For my money there’s really only one #16 who demonstrates true “strength through beauty,” and that is one of the greatest athletes of all time, Kansas City Royals outfielder Bo Jackson, a man who played both professional football and professional baseball simultaneously.
Jackson ended up playing in nearly 700 MLB games across nine seasons. He smacked 141 home runs and was the 1989 All-Star Game MVP. For the first half of his career, Jackson also played on NFL Sundays as well, racking up nearly 40 games to his name, all with the Los Angeles Raiders.
Warning: college football digression. And all this after being drafted by the Yankees in 1982 and choosing instead to play college football at Auburn, where he ran for 4,303 career yards, the fourth best performance in SEC history, and won the Heisman trophy in 1985. (Amazingly, Jackson was not the first Heisman winner to play professional baseball.) His first year at Auburn he sealed its victory over perpetual rival Alabama — a multi-conference- and national-title-winning team coached by the legendary Bear Bryant that had beaten Auburn the previous nine years — in a move that came to be known as “Bo Over the Top,” a leap over an Alabama defensive lineman on a fourth-down play on the one-yard line that gave Auburn the lead with 2:26 remaining. Oh, yeah, Jackson suggested the play because he knew from his track and field experience in high school that he could jump 7 feet in the air. In college football there’s no game more important than the rivalry one — see Red River Rivalry, which by the way Texas leads 65-48-5! — and even otherwise successful coaches find their jobs in jeopardy after losing that game too many years in a row. In fact, two years before this memorable win, Auburn fired its coach after he failed to defeat Alabama for the fifth consecutive year.

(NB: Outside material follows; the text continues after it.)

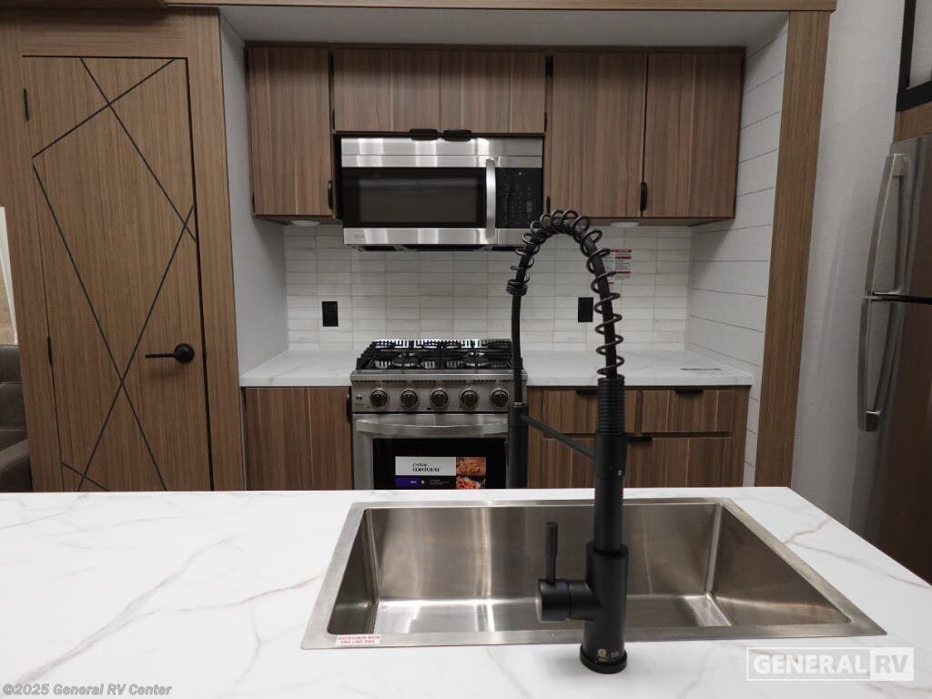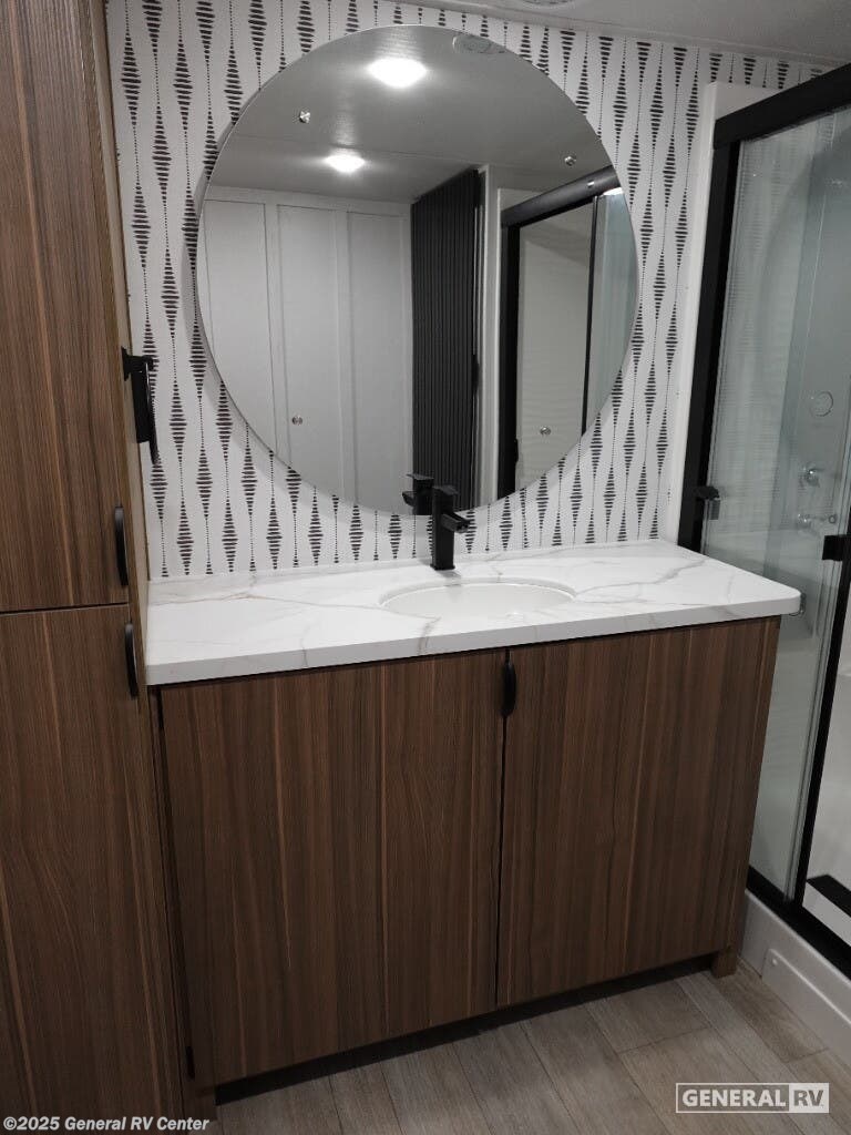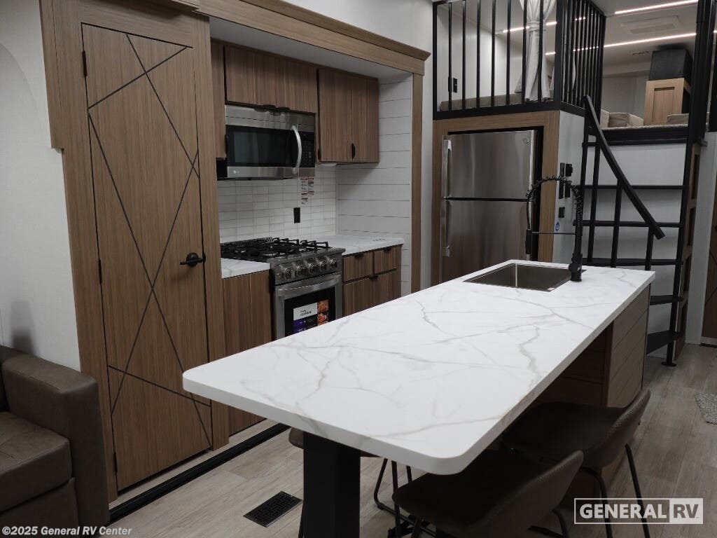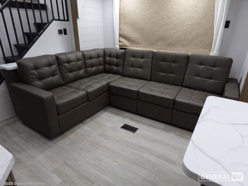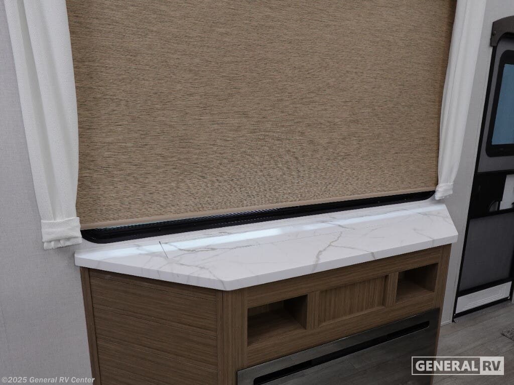 Discover the ultimate in comfort and style with the 2026 Forest River Salem Grand Villa 42ICE. This spacious RV is designed for families and adventurers alike, offering ample room for up to seven sleepers. Its expansive 45-foot length is crafted to provide a luxurious home-away-from-home experience. The centerpiece is the elegant living area featuring a sectional sofa and a cozy fireplace, perfect for relaxing after a day of exploration. The innovative Tele-Vator ensures your entertainment needs are met with a touch of modern flair. Venture into the well-appointed kitchen, where you'll find abundant counter space and storage, making meal prep a breeze. The king bed with Versa Tilt in the master suite promises restful nights, while the loft area, complete with bunk mats and storage, is perfect for the kids or guests. With a walk-in shower and washer/dryer prep, this RV combines practicality with luxury. Enjoy the great outdoors under the generous awning, making every moment memorable. For more details, visit your nearest General RV dealership.
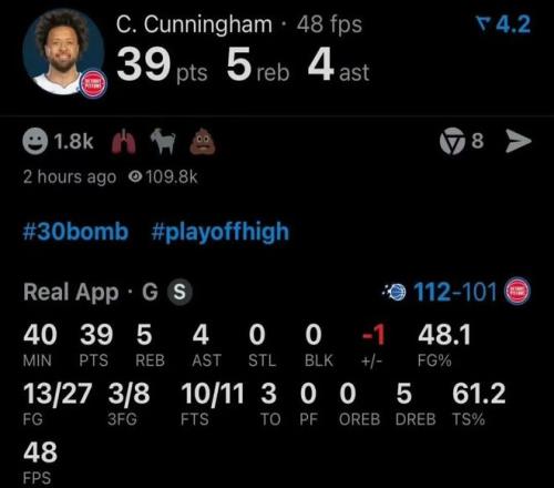 活塞全队,除了坎宁安仍在稳定输出

Oh, and Jackson played baseball for Auburn, too.
You can catch some of Jackson’s “career highlights” here (though these clips only cover baseball), including a fun Spiderman move up the outfield wall on the momentum of chasing down a fly ball, and more than one perfect throw from left field to cut down a runner racing for home.
In 1988 and 1989, Jackson’s power and speed ranked him first and third, respectively, in the AL. Jackson’s fame in those two years was boosted by the famous “Bo Knows” ad campaign for Nike, which featured the athlete taking on a variety of different sports, punctuated by a famous player affirming “Bo knows baseball/football/tennis/cycling/etc.” (except for hockey, to which Wayne Gretzky just says, “No.”) and ending with a failed attempt at playing guitar, whereupon blues legend Bo Diddley quips, “Bo, you don’t know Diddley!”
Bo definitely knows gevurah she’b’tiferet, and so we count day 16 in honor of the kid who was in his childhood described as a “wild boar.”